We present a novel linear solver that works well for large systems obtained
from discretizing PDEs. It is robust and, for the examples we studied, the
computational effort scales linearly with the number of equations. The
algorithm is based on a wavelength decomposition that combines conjugate
gradient, multi-scaling and iterative splitting methods into a single
approach. On the surface, the algorithm is a simple preconditioned conjugate
gradient with all the sophistication of the algorithm in the choice of the
preconditioning matrix. The preconditioner is a very good approximate inverse
of the linear operator. It is constructed from the inverse of the coarse
grained linear operator and from smoothing operators that are based on an
operator splitting on the fine grid. The coarse graining captures the long
wavelength behavior of the inverse operator while the smoothing operator
captures the short wavelength behavior. The conjugate gradient iteration
accounts for the coupling between long and short wavelengths. The coarse
grained operator corresponds to a lower resolution approximation to the PDEs.

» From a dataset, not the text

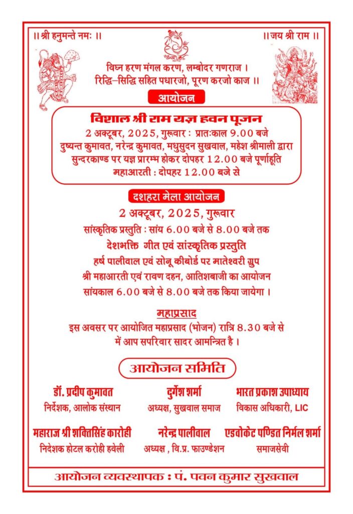 आयोजन में डॉ. प्रदीप कुमावत, महाराज शक्ति सिंह कारोही, नरेंद्र पालीवाल (विप्र फाउंडेशन), एडवोकेट निर्मल पंडित, दुर्गेश शर्मा, भारत प्रकाश उपाध्याय सहित क्षेत्रवासी, गणमान्य नागरिक, जनप्रतिनिधि एवं समिति सदस्य उपस्थित रहेंगे।
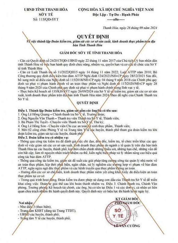 Cục An toàn thực phẩm, Bộ Y tế cho biết, hiện nay, có tình trạng giả mạo văn bản của Sở Y tế (như Thông báo, Quyết định về việc thành lập Đoàn thanh tra, kiểm tra, giám sát) với nội dung sẽ tiến hành kiểm tra tại các cơ sở sản xuất, kinh doanh thực phẩm trên địa bàn nhằm gây tâm lý hoang mang, lo sợ để từ đó yêu cầu các chủ cơ sở nếu muốn không bị kiểm tra thì chuyển tiền để không bị kiểm tra với mục đích lừa đảo chiếm đoạt tài sản.

While the coarse grained inverse is not known explicitly, the algorithm only
requires that the preconditioner can be a applied to a vector. The coarse
inverse applied to a vector can be obtained as the solution of another
preconditioned conjugate gradient solver that applies the same algorithm to
the smaller problem. Thus, the method is naturally recursive. The recursion
ends when the matrix is sufficiently small for a solution to be obtained
efficiently with a standard solver. The local feedback provided by the
conjugate gradient step at every level makes the algorithm very robust. In
spite of the effort required for the coarse inverse, the algorithm is
efficient because the increased quality of the approximate inverse greatly
reduces the number of times the preconditioner needs to be evaluated. A
feature of the algorithm is that the transition between coarse grids is
determined dynamically by the accuracy requirement of the conjugate gradient
solver at each level. Typically, later iterations on the finer scales need
fewer iterations on the coarser scales and the computational effort is
proportional to N rather than NlogN, where N is the number of equations. We
have tested our solver on the porous flow equation. On a workstation we have
solved problems on grids ranging in dimension over 3 orders of magnitude, from
10^{3} to 10^{6}, and found that the linear scaling holds.
The algorithm works well, even when the permeability tensor has spatial
variations exceeding a factor of 10^{9}.